The Building Safety (Responsible Actors Scheme and Prohibitions) Regulations 2023 (“the RAS Regulations”) to establish the Responsible Actors Scheme (“RAS”) for residential developers has become law as of 3 July 2023 .
This is secondary legislation pursuant to powers enacted under Sections 126-129 of the Building Safety Act 2022.
The RAS Regulations sit alongside the “developer remediation contract” (referred to in the RAS Regulations as the “Self Remediation Contract”) which earlier in the year, the Government urged large developers to sign up to.
To date 51 developers have signed up to this legally binding “pledge” to fix life-critical fire safety defects in residential buildings.
To what buildings does the RAS apply?
The RAS seeks to secure the safety of people in or about buildings and improve the standard of buildings by securing that the building industry remedy defects in relevant buildings relating to fire safety and contribute to remedial costs. The terms “relevant building” include a building which:
- is a residential building (i.e. a self contained building or self contained part of a building that includes one or more residential commonhold or leasehold properties under a lease exceeding 21 years or a building owned by a registered provider);
- is at least 11 metres high and located in England; and
- has been developed or refurbished during the period starting on 5 April 1992 and ending on 4 April 2022. This period is referred to as the “relevant period”.
Invitations to join the RAS
Developers will be asked to join the RAS if:
- their principal business is residential property development;
- they developed or refurbished 11m+ residential buildings in England in the last thirty years (other than solely as a contractor) and their average annual operating profit over a 3-year period was £10 million or higher; or
- they are a developer who developed or refurbished (other than solely as a contractor) at least one 11m+ residential building that qualifies for remediation under the terms set out in the developer remediation contract.
Developers can also volunteer to join the RAS if they have been responsible for the development or refurbishment of one or more relevant buildings in the relevant period and at least one of the buildings would require remediation under the “Self Remediation Contract” if the developer was subject to those terms.
Prohibitions List and Members List
The RAS Regulations require the Secretary of State to publish two lists: 1) a list of the persons who are members of the scheme and 2) a list of those persons who, though eligible, are not members of the scheme, and the persons whom they control.

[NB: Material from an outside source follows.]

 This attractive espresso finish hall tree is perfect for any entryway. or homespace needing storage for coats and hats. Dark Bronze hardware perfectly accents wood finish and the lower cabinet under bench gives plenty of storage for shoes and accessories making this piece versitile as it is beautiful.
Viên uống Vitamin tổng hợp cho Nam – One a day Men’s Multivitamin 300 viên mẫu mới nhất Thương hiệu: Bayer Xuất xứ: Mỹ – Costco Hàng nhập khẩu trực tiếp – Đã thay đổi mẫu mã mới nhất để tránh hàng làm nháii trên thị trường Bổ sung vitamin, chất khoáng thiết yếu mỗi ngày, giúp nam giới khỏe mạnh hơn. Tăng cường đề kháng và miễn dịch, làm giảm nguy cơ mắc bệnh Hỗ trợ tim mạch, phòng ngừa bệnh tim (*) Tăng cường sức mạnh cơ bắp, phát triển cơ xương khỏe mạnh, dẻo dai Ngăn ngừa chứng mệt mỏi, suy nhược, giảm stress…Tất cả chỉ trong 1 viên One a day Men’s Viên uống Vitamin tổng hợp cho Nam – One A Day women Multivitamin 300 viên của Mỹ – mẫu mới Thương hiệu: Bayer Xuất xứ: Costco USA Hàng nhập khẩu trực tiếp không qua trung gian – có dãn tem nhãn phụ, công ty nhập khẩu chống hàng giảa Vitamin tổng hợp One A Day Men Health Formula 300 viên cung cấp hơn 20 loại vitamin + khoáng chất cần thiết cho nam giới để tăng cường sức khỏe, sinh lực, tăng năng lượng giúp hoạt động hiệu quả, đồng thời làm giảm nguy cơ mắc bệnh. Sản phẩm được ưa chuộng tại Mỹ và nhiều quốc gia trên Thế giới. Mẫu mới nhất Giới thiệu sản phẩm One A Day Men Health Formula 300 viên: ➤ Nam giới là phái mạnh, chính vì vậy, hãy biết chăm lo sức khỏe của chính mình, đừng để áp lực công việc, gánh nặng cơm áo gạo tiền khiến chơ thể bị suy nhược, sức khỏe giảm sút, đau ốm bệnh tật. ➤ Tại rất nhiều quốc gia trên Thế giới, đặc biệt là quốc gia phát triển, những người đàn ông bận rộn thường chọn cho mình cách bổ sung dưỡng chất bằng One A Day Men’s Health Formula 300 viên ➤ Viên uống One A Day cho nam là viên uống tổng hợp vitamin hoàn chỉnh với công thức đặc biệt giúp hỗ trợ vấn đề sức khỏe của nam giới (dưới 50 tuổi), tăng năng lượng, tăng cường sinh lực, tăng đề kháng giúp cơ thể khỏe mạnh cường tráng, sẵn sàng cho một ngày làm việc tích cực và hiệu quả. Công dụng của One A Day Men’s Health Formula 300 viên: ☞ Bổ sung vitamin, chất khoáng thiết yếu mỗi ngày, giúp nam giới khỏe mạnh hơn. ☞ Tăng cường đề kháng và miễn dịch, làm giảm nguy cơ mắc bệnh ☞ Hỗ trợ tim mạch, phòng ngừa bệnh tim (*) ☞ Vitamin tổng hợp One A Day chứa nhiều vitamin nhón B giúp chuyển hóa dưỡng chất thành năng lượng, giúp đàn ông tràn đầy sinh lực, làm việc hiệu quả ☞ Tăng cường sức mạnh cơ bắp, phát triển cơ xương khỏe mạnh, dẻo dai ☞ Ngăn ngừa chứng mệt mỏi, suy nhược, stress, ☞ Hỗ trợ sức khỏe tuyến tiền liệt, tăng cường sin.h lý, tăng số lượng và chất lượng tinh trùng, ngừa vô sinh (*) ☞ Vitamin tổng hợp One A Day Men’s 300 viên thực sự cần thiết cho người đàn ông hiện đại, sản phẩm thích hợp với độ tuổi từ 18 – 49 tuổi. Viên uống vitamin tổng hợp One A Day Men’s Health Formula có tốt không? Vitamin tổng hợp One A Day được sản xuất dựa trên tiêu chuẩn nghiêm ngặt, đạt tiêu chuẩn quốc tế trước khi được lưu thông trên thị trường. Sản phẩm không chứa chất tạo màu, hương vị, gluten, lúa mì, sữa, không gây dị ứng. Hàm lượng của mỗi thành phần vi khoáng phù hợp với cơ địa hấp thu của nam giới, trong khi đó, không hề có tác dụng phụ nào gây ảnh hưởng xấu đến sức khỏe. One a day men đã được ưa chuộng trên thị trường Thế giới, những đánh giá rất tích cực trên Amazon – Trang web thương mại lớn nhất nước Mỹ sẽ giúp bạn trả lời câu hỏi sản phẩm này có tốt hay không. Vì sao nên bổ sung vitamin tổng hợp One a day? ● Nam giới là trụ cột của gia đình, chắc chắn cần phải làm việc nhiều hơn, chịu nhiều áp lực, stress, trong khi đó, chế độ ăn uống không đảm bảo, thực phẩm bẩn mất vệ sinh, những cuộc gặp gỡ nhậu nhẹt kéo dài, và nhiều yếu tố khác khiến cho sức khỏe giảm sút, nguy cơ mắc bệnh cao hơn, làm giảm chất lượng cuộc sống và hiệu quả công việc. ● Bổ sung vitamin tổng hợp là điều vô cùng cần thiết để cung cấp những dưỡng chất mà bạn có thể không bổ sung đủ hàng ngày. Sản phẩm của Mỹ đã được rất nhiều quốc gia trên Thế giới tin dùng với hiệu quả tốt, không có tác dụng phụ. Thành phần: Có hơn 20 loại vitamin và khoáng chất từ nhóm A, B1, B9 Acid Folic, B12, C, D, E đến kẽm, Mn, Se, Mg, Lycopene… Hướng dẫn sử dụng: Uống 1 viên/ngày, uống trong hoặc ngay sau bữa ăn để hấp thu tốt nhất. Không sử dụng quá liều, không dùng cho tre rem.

The DLUHC keeps a public list of who has signed the “pledge” which is the developer remediation contract envisaged by the RAS. Not having signed the “pledge” will also have the added issued of making business more difficult for developers who should have signed but have not. The DLUHC has indicated it will review its own relationships if any with such developers.
Ban on development?
The RAS Regulations introduce the mechanism by which a developer can be blocked from carrying out major developments and also from receiving building control approval by being designated as an “applicable person” which will be the case if those persons:
- are treated as eligible or have been determined to be eligible to be members of the scheme but who have not become members;
- were members of the scheme but who, at the date of being included on the prohibitions list, are no longer members of the scheme following revocation of membership;
- are controlled by any eligible non-member.
Whilst the RAS Regulations talk about eligibility of those who may join the RAS, this is somewhat of a misnomer as in effect, those who are “eligible” must join the RAS if they wish to continue in “major development” of land in England.
The concept of “major development” is defined by reference to Article 2 of the Town and Country Planning (Development Management Procedure) (England) Order 2015(7) and includes;
- the winning and working of minerals or the use of land for mineral-working deposits
- waste development
- the provision of dwelling-houses (where the number of dwelling-houses to be provided is 10 or more or the development is to be carried out on a site having an area of 0.5 hectares or more),
- the provision of a building or buildings where the floor space to be created by the development is 1,000 square metres; or
- more development carried out on a site having an area of 1 hectare or more.
It is important to note therefore that “major development” is wider than just residential development and businesses will not be able to pivot to a different asset sector if they have been designated as a prohibited “applicable person”
The RAS Regulations will also prevent a prohibited person from gaining building control approval for any building work that requires such approval. In accordance with the RAS Regulations, prohibited developers may be unable to gain building control approval to start work, including through initial notices, as well as completion or final certificates for completed work. In some cases, this may result in a notice to terminate or suspend the work.
The RAS Regulations make provision for company groups. For example, when dealing with a company group, the Secretary of State expects to nominate one entity to join the Scheme on behalf of others in the group.
The RAS Regulations also contain provisions to seek to make sure group companies cannot avoid liability by winding up entities that would have been liable to join the Scheme by making sure that the liability passes to another group entity as directed by the Secretary of State.
Wedlake Bell comment
The RAS will initially focus on major housebuilders, and other large developers who have developed or refurbished multiple residential buildings that are known to have life-critical fire safety defects by having been assessed as eligible for a relevant government cladding remediation scheme. The government has however also indicated that the RAS will over time be expanded. It is critical for developers in involved in residential property development to be aware of the potential implications of the RAS given the significant impact that they could potentially have on their business operations.